We maintain two lists. data_samples for the prompt data and image_paths to store the image paths. We will later read and feed the image to the processor in the collation function.

Next, we need to read the text files and prepare the paths for images & corresponding text labels.

train_text_files = glob.glob(os.path.join(train_annot_paths, '*.txt'))
test_text_files = glob.glob(os.path.join(test_annot_paths, '*.txt'))

train_text_files.sort()
test_text_files.sort()

def prepare_img_txt_list(text_files, split='train'):
    all_images, all_texts = [], []
    
    for text_file in text_files:
        text = open(text_file).read()
    
        if len(text) > 200:
            text_file_name = text_file.split(os.path.sep)[-1].split('.txt')[0]
    
            image_file_name = os.path.join(f'{root_image_path}/{split}/img/', text_file_name+'.jpg')
    
            all_images.append(image_file_name)
            all_texts.append(text)

    return all_images, all_texts

all_train_images, all_train_texts = prepare_img_txt_list(train_text_files, split='train')
all_test_images, all_test_texts = prepare_img_txt_list(test_text_files, split='test')

train_df = pd.DataFrame(
    {
        'image_paths': all_train_images,
        'text_paths': all_train_texts
    }
)

test_df = pd.DataFrame(
    {
        'image_paths': all_test_images,
        'text_paths': all_test_texts
    }
)

train_from_df = Dataset.from_pandas(train_df)
test_from_df = Dataset.from_pandas(test_df)

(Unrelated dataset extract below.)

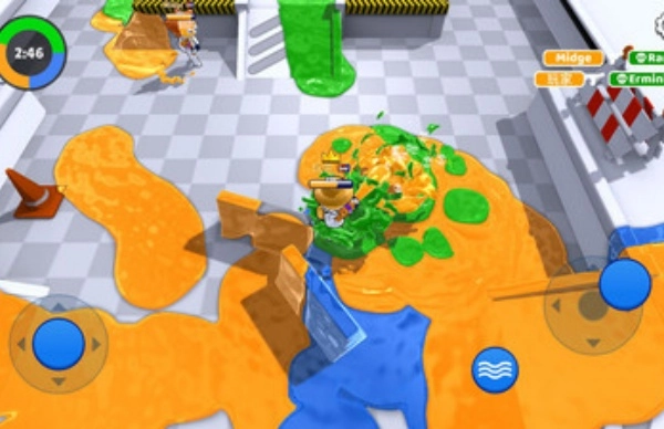 1、占领涂色玩法:通过喷射彩墨来覆盖地面,最终以己方颜色区域在整体中所占的比例,来确定基础分数。

train_dataset = train_from_df.map(
    format_data, 
    batched=True, 
    batch_size=1,
    num_proc=8,
    remove_columns=train_from_df.column_names
)
test_dataset = test_from_df.map(
    format_data, 
    batched=True, 
    batch_size=1,
    num_proc=8,
    remove_columns=test_from_df.column_names
)

In the above code block, we first create Hugging Face datasets from the train and test data frames (lines 40 and 41). Then we map the datasets to the format_data function to create the final datasets.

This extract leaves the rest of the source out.